Let $M$ be the $(2n+1)\times (2n+1)$ skew symmetric matrix with entries given by $$a_{ij} = \begin{cases} \,\,\,\, 1 & \text{if } i-j\in \{-2n, -2n+1, \dots, -n-1\} \cup \{1, 2, \dots, n\}\\ -1 & \text{if } i-j\in \{-n, -n+1, \dots, -1\}\cup \{n+1,n+2, \dots, 2n\} \end{cases}$$ Find $\mbox{rank}(M)$.

So, drawing the matrix out, I see that the entries along the main diagonal are all $0$'s, the entries of the $n$ diagonals immediately below the main one are $1$'s, the entries of the $n$ diagonals below that are $-1$'s, and the entries of the $n$ diagonals immediately above the main diagonal are $-1$'s, and the $n$ diagonals above that are $1$'s. I know that to find the rank, I need to convert to reduced row echelon form and find the number of leading ones. Is there a way to do this efficiently? Does one have to convert to reduced row echelon form?

Answer 1

Row and column operations are helpful, but you don't need to convert $M$ into an echelon form. Let $\mathbb F$ be the underlying field, $e\in\mathbb F^n$ be an all-one vector and $K\in M_n(\mathbb F)$ be the skew symmetric matrix whose entries in the strictly upper triangular part are all equal to $-1$. Then $$ M=\pmatrix{K&-K-I&e\\ -K+I&K&-e\\ -e^T&e^T&0} $$ and \begin{aligned} &\phantom{=}\pmatrix{I&0&0\\ I&I&0\\ e^T&e^T&1} \pmatrix{K&-K-I&e\\ -K+I&K&-e\\ -e^T&e^T&0} \pmatrix{I&I&e\\ 0&I&e\\ 0&0&1}\\ &=\pmatrix{K&-K-I&e\\ I&-I&0\\ 0&0&0}\pmatrix{I&I&e\\ 0&I&e\\ 0&0&1}\\ &=\pmatrix{K&-I&0\\ I&0&0\\ 0&0&0}. \end{aligned} Hence the rank of $M$ is $2n$.

Answer 2

Assume the underlying field $F$ of scalars has characteristic zero.

Let $r=\text{rank}(M)$.

Claim:$\;r=2n$.

Proof:

Let $k=2n+1$, let $v_1,...,v_k$ be the column vectors of $M$, and let $V$ be the subspace of $F^k$ generated by $\{v_1,...,v_k\}$.

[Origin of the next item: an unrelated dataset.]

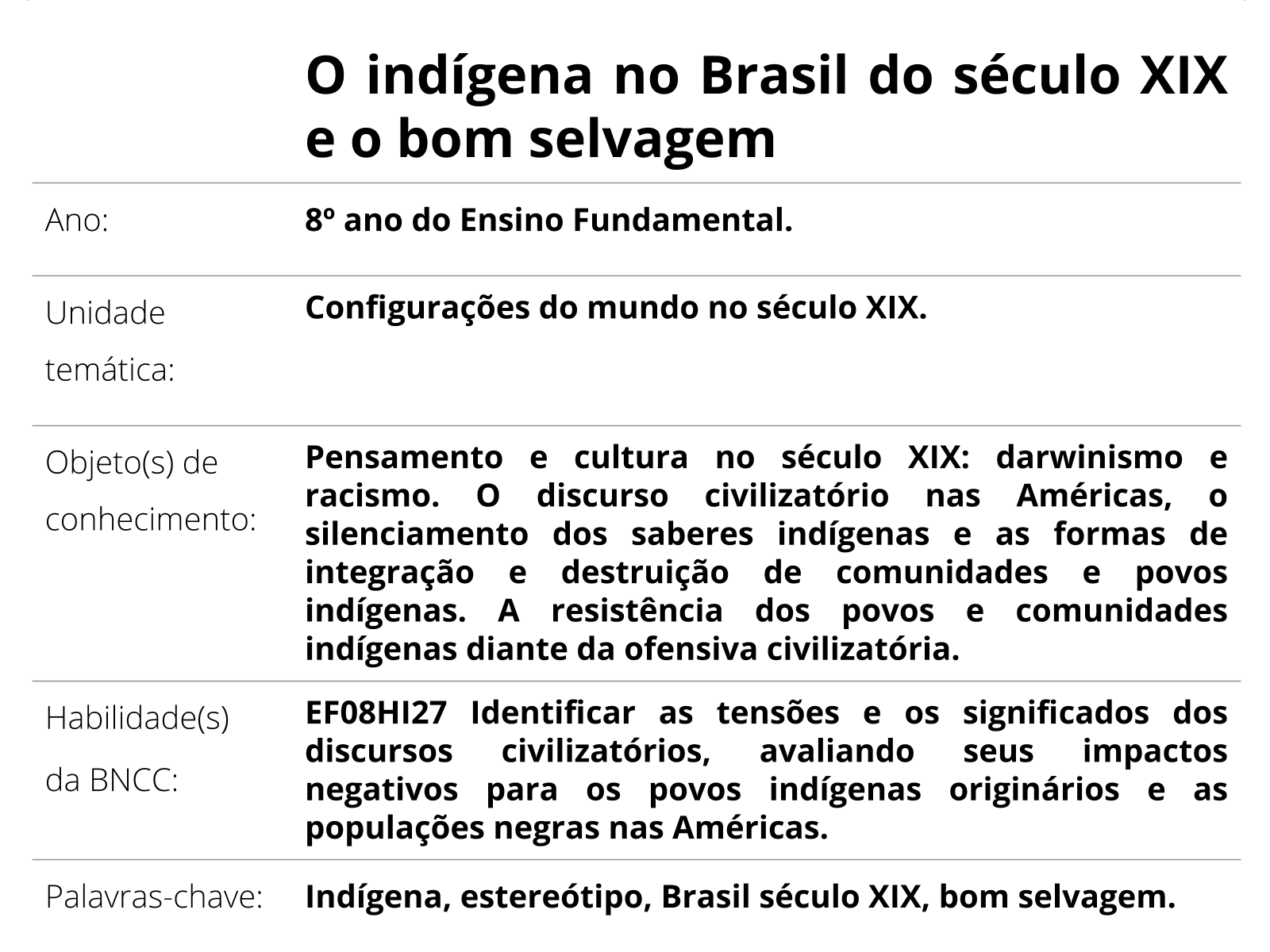 Plano de Aula - 8º ano - História - O indígena no Brasil do século XIX e o bom selvagem

Let $u$ be the $k$-vector with all components equal to $1$, and let $N$ be the $k{\,\times\,k}$ matrix with columns $v_1+u,...,v_k+u$.

It's easily seen that $(N\;\text{mod}\;2)$ is the identity matrix, hence $\det(N)$ is odd, so $N$ is non-singular.

It follows that the vectors $v_1+u,...,v_k+u$ are linearly independent, hence the subspace $W$ of $F^k$ generated by $\{v_1,...,v_k\}\cup\{u\}$ has dimension $k$.

Then we get $$k=\dim(W)\le \dim(V)+1=\text{rank}(M)+1=r+1$$ so $r\ge 2n$.

But it's easily verified that $v_1+\cdots v_k=0$, hence $$r=\text{rank}(M)=\dim(V)\le k-1$$ so $r\le 2n$.

Therefore $r=2n$, as claimed.